Bank boss casts doubt on viability of mega projects
by This email address is being protected from spam bots, you need Javascript enabled to view it on Sunday, 19 October 2008
Credit conditions for real estate projects are worsening and the viability of some developments needs to be re-examined, the head of Dubai Islamic Bank (DIB) said on Sunday.
"The days of cheap money are gone, be prepared to pay more," Khaled al-Kamda said at a real estate conference. DIB is one of the Gulf's biggest lenders and a key player in the massive developments in the United Arab Emirates.
"Real estate will suffer, big real estate projects will be revisited ... put on the back burner," he said. "The viability of these real estate projects will need to be revisited."
Kamda's comments are one of the starkest reminders to date that the credit crisis sweeping the United States and Europe will not pass the Arab peninsula by, despite billions of dollars of petrodollar inflows and strong economic growth.
Analysts expect growth in the Gulf to slow but remain robust as the energy exporting economies invest in infrastructure and real estate developments, using recent windfalls from oil and gas exports.
But tightening conditions on the international credit markets are affecting the Gulf financial sector and have led the region's biggest central banks to launch emergency measures to provide bank funding or guarantee deposits.
"With tightening credit, the developer has to revisit the fundamentals, the whole basics (of projects)," Kamda said.
The UAE, home to tourist haven Dubai and its artificial palm-shaped islands, needs to raise 50 billion dirhams ($13.61 billion) for real estate projects in 2009, he said.
Meanwhile, Oman's Chamber of Commerce and Industry called on the government to inject cash into local banks so they can finance development projects, the Ministry of National Economy said on Sunday.
Participants of a meeting hosted by the chamber's economic committee made "an appeal for financial liquidity to be provided to local banks operating in Oman, so they can cover the needs of current and future developmental projects," the ministry said in statement on its website.
Gulf Arab governments are taking measures to help their banks stave off the effects of the global credit crisis, including cutting interest rates, providing emergency funds, loosening lending curbs and guaranteeing deposits. (Reuters)
READERS' COMMENTS
Posted by Cholo Jopson, Dubai, UAE on Monday 20 October 2008 at 10:46 UAE time
The $120 billion being caused for 250 mega projects in Dubai could fall into an atrocious waste unless a stop gap measure is laid to thwart the effects of recession in Dubai's mortgage and real estate industry. The positive image painted on the local RE sector might have been blown only by drumbeaters. How would the federal government hold these real estate mavericks responsible when investments and stakes in mega developments come stumbling to the ground? Human experience tells us that drumbeaters only send the signal to the distressed when the danger is only few steps away. Who then would clean the mess after the pass over in the industry?
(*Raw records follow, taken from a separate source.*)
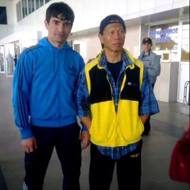 Дагестанский Брюс-Ли (Шамиль Магомедов) сопровождает Тан-По из бойвика с Вандамом в аэропорту Уйташ, Махачкала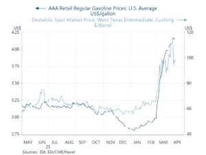 Second, retail energy prices have been adjusting quickly to the higher oil prices. As shown in Chart 1, through April 10, while oil prices have risen to $96.50/barrel from $65, a 48% increase, retail gasoline prices nationally have risen to $4.15/gallon, up from $2.97, a 40% rise. Before the Middle East conflict, there was backwardation in the oil price futures curve—the markets had priced in a gradual decline in oil prices from their then-current prices. (After the oil price surge, markets have priced in expectations that prices will fall back toward their earlier price level by later in 2026, but maintain a risk premium.) Prices of other refined oil products have risen even faster: diesel fuel have risen from $3.75/gallon to $5.68, a 51% increase.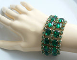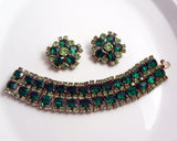 Emerald & Peridot Green Rhinestone Vintage Bracelet Earring Set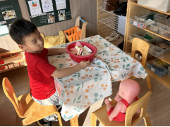 在角色扮演区,蔡米乐今天选择“照顾宝宝”。他先从玩具架子上取来一个红色塑料盆。里面装着一些“食物”,然后将椅子摆好,在把“宝宝”放在了旁边的椅子上。在游戏过程中,发现蔡米乐存在一些问题。他不太擅长与其他小朋友进行互动,当有其他小朋友靠近,想要一起参与游戏时,他会抗拒的说“这是我的”,不太善于和同伴互动;同时他的语言表达相对简单,和“宝宝”一起玩,很少有互动,只有对“宝宝”抱或者放在在推车里跟他一起玩。不过他很喜欢娃娃家,玩的时候很投入,对待宝宝也很呵护!
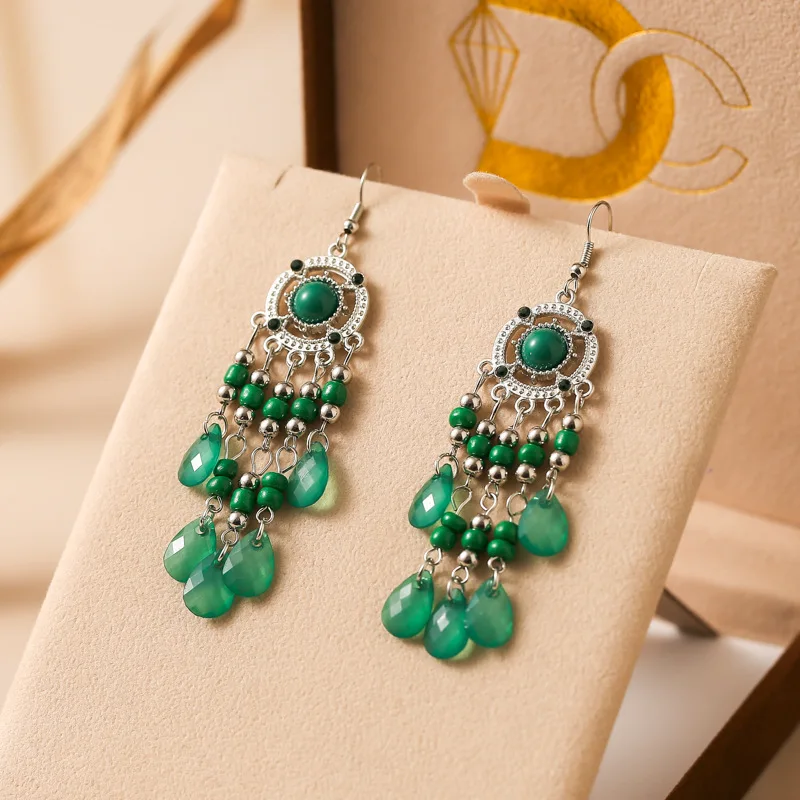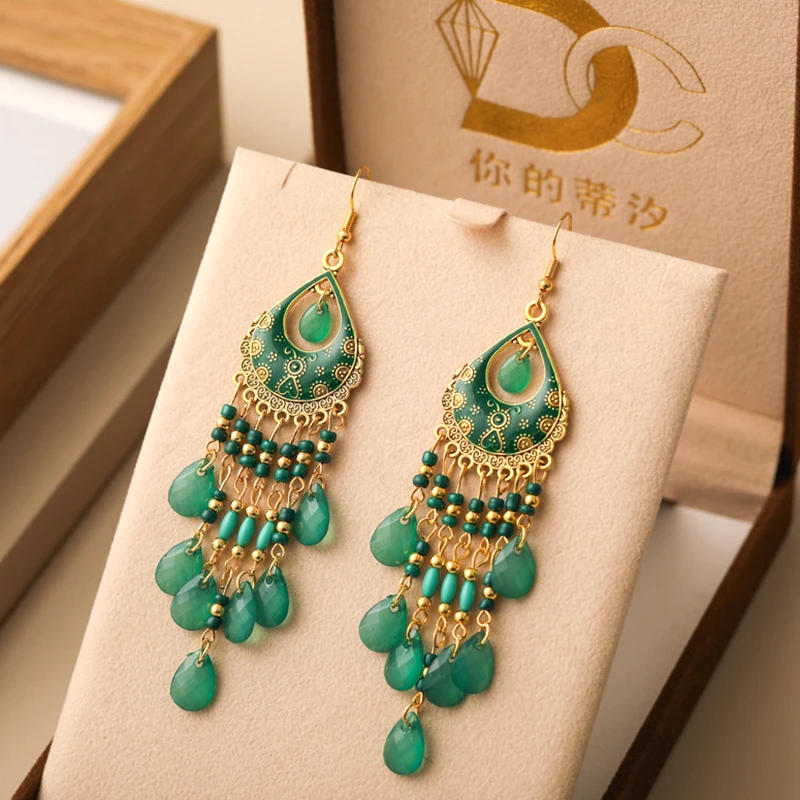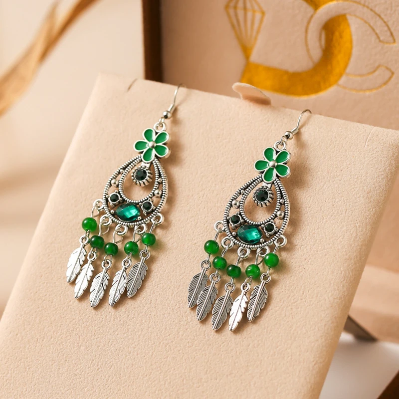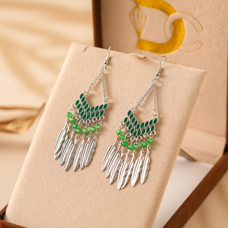 البوهيمي الأخضر المينا ليف قطرة الماء أقراط للنساء العرقية طويلة هندسية الطازجة القرط الإناث عطلة اليومية مجوهرات هدية

Posted by Shahab kalam, Miami, USA on Monday 20 October 2008 at 02:45 UAE time
GCC real estate market will see the market correction, may be 20 to 25% from its peak, but we can’t compare Arabian market with American or European market, Arabian market is just getting to emerge or in its infancy stages, vs. European or American market which is over build or over supplied 96% of transactions financed vs. only 15 % percent in Arabian Market. By the time Arabian market done with mega educations and tourism projects the demand will be there.